There are a number of things in the subroutine that can be tidied up:
- There is no need for a copy of the input character array
- There is no need for a copy of the input index array
- Final copy to put array in correct order in sort can be done on one line, i.e.
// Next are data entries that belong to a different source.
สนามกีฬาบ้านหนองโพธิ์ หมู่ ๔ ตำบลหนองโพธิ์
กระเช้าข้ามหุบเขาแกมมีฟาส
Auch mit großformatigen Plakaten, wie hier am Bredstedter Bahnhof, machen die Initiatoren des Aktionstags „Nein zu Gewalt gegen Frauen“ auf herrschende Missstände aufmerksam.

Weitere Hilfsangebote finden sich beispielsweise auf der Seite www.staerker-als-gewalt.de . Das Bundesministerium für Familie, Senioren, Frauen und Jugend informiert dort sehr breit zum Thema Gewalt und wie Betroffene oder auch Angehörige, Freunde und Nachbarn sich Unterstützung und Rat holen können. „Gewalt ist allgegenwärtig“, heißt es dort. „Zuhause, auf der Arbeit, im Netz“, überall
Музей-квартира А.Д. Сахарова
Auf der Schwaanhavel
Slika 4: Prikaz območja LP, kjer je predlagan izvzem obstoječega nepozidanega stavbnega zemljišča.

StringArray = StringArray(indexarray(:))
- If you make all subroutines and functions internal to sort there is no need to pass the character array around.
- CaseSensitive can be local to sort rather than global
- The private declarations won't be needed as these subroutines are automatically private (being contained in sort).
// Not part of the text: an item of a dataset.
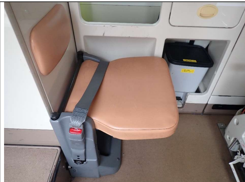
患者室運転席側前方シート
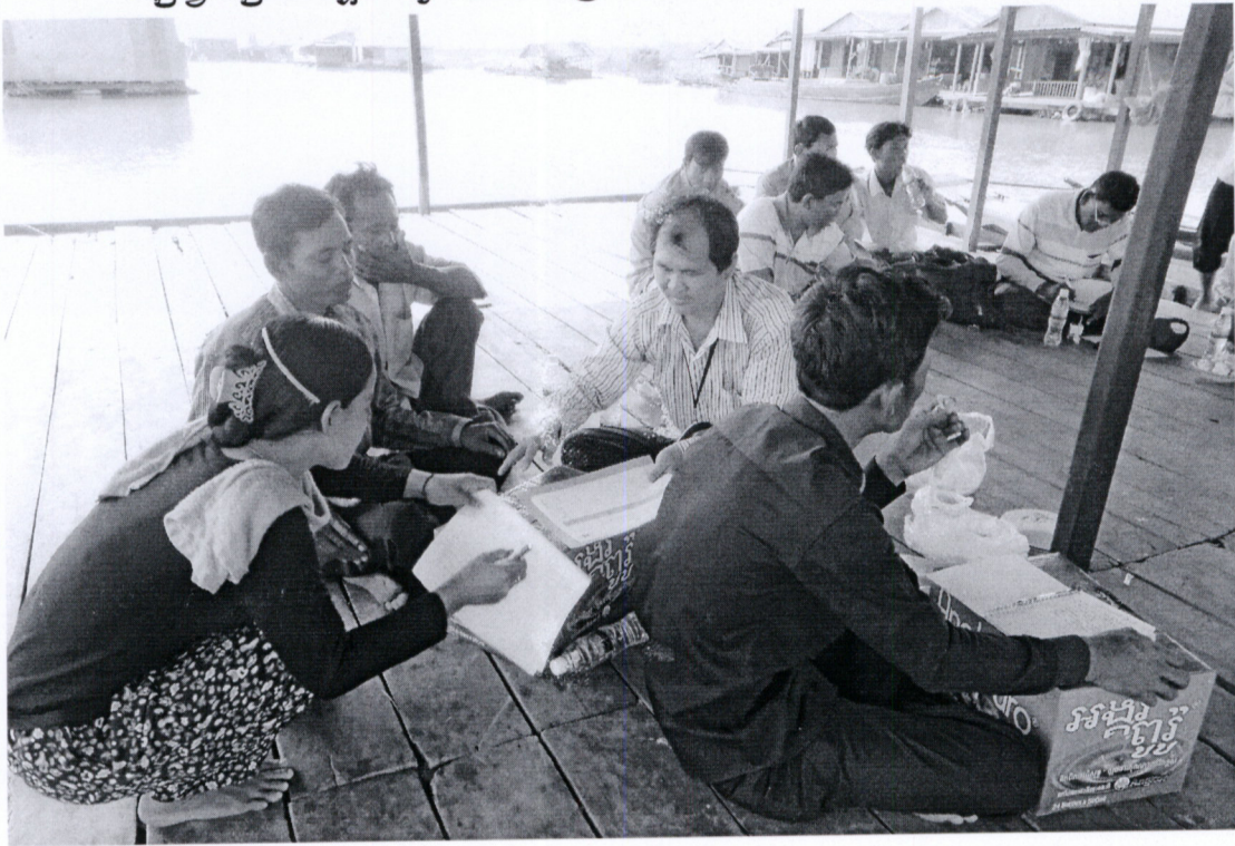
រូបភាពទី១ សកម្មភាព ចុះបញ្ជីអវត្តមាននៃអាជ្ញាធរមូលដ្ឋាន និងប្រជាពលរដ្ឋចូលរួម

- Ideally would change quicksort to do replace the tail recursion by iteration.
You can simplify things to:
Code: |
subroutine sort (StringArray, IndexArray, CaseInsensitive)
character (len = *), dimension (:), intent (in out) :: StringArray
integer, dimension (:), intent (out) :: IndexArray
logical, intent (in), optional :: CaseInsensitive
! Local variables
integer :: low, high, k
logical :: CaseSensitive
if (present(CaseInsensitive)) then
CaseSensitive = .not. CaseInsensitive
else
CaseSensitive = .true.
end if
low = 1
high = size(StringArray)
indexarray = (/ (k, k = low, high) /)
call quicksort(low, high)
! Move elements into correct order
StringArray = StringArray(indexarray(:))
contains
recursive subroutine quicksort(low, high)
integer, intent (in) :: low, high
integer :: pivotlocation
if (low < high) then
call partition(low, high, pivotlocation)
call quicksort(low, pivotlocation - 1)
call quicksort(pivotlocation + 1, high)
end if
return
end subroutine quicksort
! ... etc
|
_________________ Programmer in: Fortran 77/95/2003/2008, C, C++ (& OpenMP), java, Python, Perl |
|
Back to top |
|
|
mecej4
Joined: 31 Oct 2006 Posts: 1886
|
Posted: Mon Feb 02, 2015 4:19 pm Post subject: |
|
|
Here is a test program that I used to test the string sort routine that Dan referred to. It worked correctly on a 38 MB text file with 640,000 lines, 58 characters per line. Therefore, Dan, I think that you may have not interpreted the use of the index array correctly. After the subroutine returns, the original string array will have been sorted.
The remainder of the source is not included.